▶ **RECORDED INFORMATION**
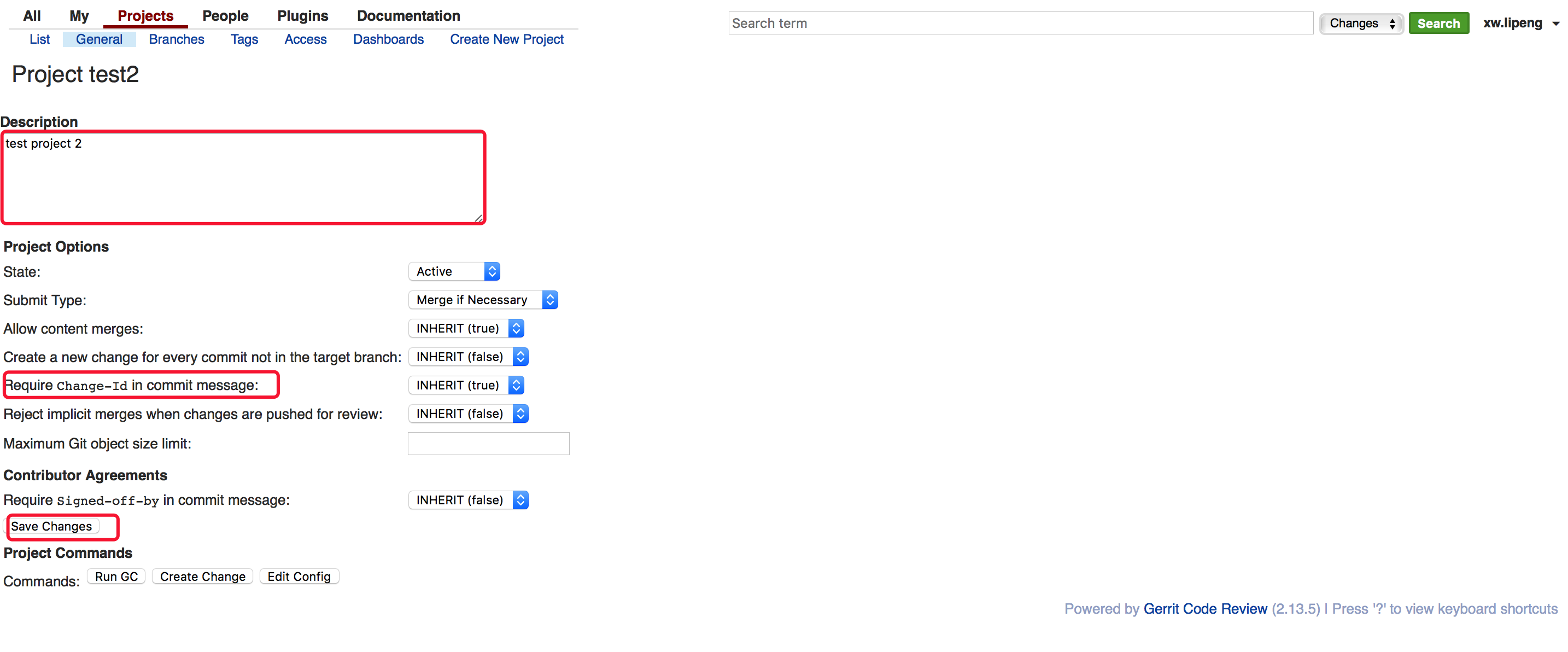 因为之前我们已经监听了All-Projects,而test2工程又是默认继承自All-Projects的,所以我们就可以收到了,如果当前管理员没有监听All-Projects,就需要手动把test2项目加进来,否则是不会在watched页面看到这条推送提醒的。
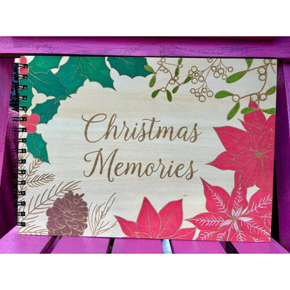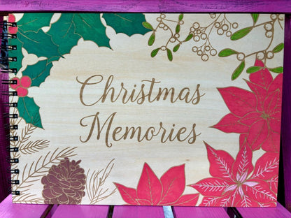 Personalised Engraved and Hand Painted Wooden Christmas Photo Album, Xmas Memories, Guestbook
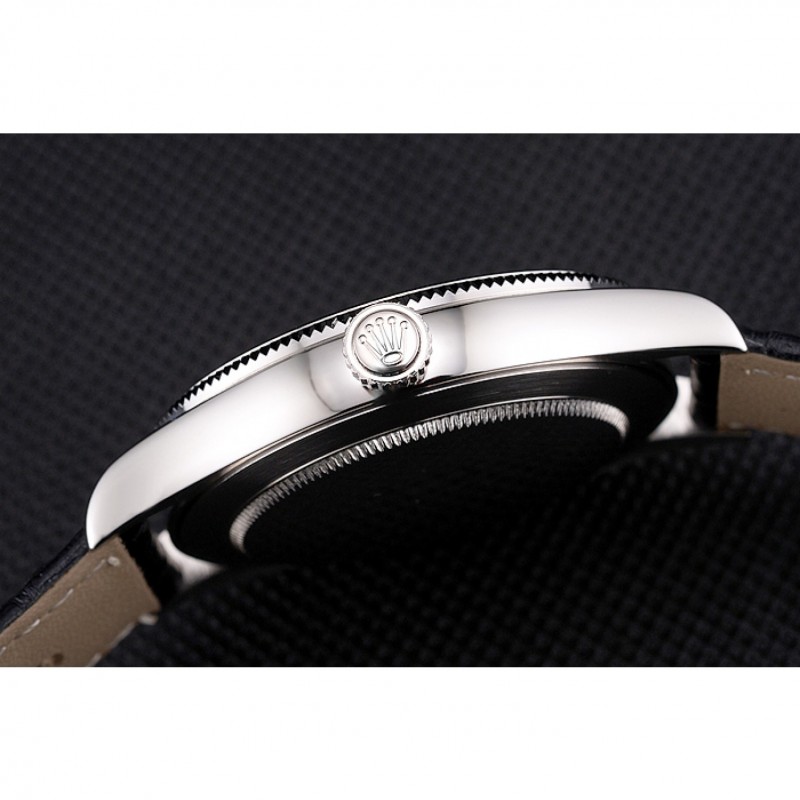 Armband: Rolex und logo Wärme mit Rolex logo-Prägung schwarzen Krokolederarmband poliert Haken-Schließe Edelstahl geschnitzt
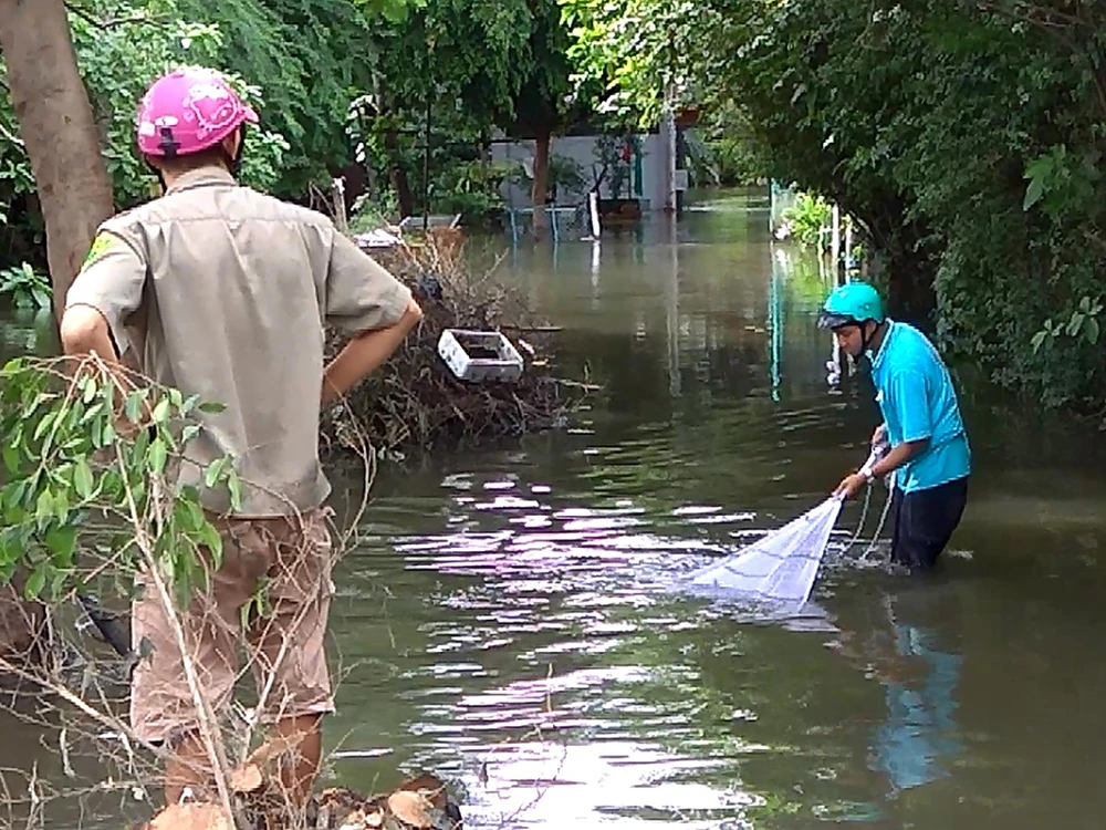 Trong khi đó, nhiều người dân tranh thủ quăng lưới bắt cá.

▶ **WHAT YOU NEED TO DO**
The material above is to be transcribed exactly, with all pictures omitted.

▶ **RESULT OF THE EXERCISE**
 因为之前我们已经监听了All-Projects,而test2工程又是默认继承自All-Projects的,所以我们就可以收到了,如果当前管理员没有监听All-Projects,就需要手动把test2项目加进来,否则是不会在watched页面看到这条推送提醒的。
 Personalised Engraved and Hand Painted Wooden Christmas Photo Album, Xmas Memories, Guestbook
 Armband: Rolex und logo Wärme mit Rolex logo-Prägung schwarzen Krokolederarmband poliert Haken-Schließe Edelstahl geschnitzt
 Trong khi đó, nhiều người dân tranh thủ quăng lưới bắt cá.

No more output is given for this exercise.